Electronic fluorescent lamp lighting device

1 is a circuit diagram showing a basic configuration of the present invention.

2 is a circuit diagram showing a form where a large power is required.

3 is a circuit diagram showing another form when large power is required.

4 is a circuit diagram showing another form of the present invention having a thermistor.

* Explanation of symbols for main parts of the drawings

1,1 ': Bi-Filler feels both ends of transformer

2: Bi-Filler feeling the middle tap of the transformer

3,5 inductor 6 capacitor

11,11 ': NPN type high power transistor 12,12': SCR

Q ₁ , Q ₂ : Power amplification transistor F: Fluorescent lamp

B: Bi-Filler transformer Th: Thermistor

The present invention relates to a lighting device of a fluorescent lamp which is widely used in various businesses and homes, it is an extremely simple structure to prevent thermal destruction due to excessive current during operation and to enable efficient lighting.

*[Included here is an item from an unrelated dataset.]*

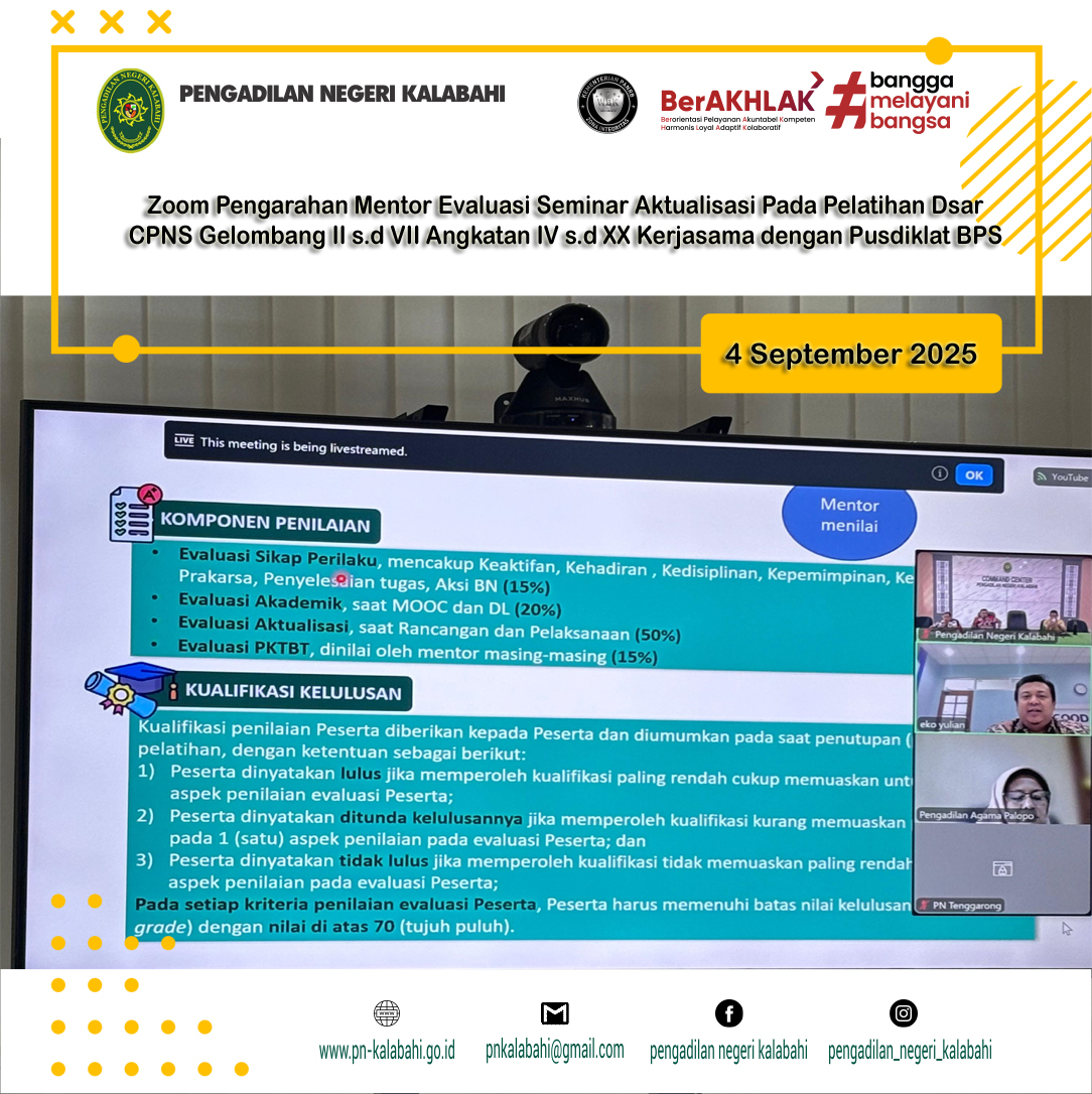 Kalabahi – 4 September 2025 Pengadilan Negeri Kalabahi ikut serta dalam Evaluasi Seminar Aktualisasi Pada Pelatihan Dasar CPNS Gelombang II s.d VII Angkatan IV s.d XX Kerjasama Dengan Pusdiklat BPS yang dilaksanakan pada tanggal Kamis, 4 September 2025 di Ruang Media Center.

Conventionally, since the fluorescent lamp is turned on as the choke coil, not only the efficiency is low but also a hum is generated in the core of the choke coil to stimulate the nerves, and the weight of the choke coil itself is heavy and there is a problem that the instant light does not turn on. Therefore, in consideration of these problems, the input power was rectified with a double voltage to obtain a direct current of high voltage, and then applied to the fluorescent lamp to turn on the lamp. However, this is light and hum can be eliminated and instantaneous lighting is possible. Since the power consumption is limited by the resistance, the power loss in the resistor is large and the current flowing in the fluorescent lamp is DC, so the photoelectric conversion efficiency is not only reduced. ) There was a problem that the life is shortened.

Therefore, recently, inverters using transistors have been proposed to improve efficiency and enable instant lighting. As an example, refer to Korean Patent Publication No. 81-1421. A pair of secondary windings of opposite polarity is provided in a transformer, and a diode, a resistor, an auxiliary transistor, and a main transistor are connected to each other. This is done by connecting the capacitance and the light tube which is the load, which is a function of charge accumulation or frequency characteristics of the transistor itself during the switching operation of the main transistors, which have to be oscillated at a considerably high frequency while the efficiency is greatly improved and the instantaneous lighting is possible. Due to this, it takes a long time to be cut off. Therefore, even though the "ON" and "OFF" operation must be performed alternately, the main transistor is turned on at the same time. As a result, the main transistor is thermally destroyed by overcurrent, thus taking a plurality of diodes into consideration. And a separate auxiliary transistor Combining a large number of components such as resistors, and by precisely adjusting their values, the circuit becomes complicated because the base current of the main transistor is dissipated by these operations so that the current is turned off in a short time. The production cost is high and accurate adjustments must be made one by one, which causes a decrease in productivity.

The present invention is to solve this problem described in detail according to the accompanying drawings as follows.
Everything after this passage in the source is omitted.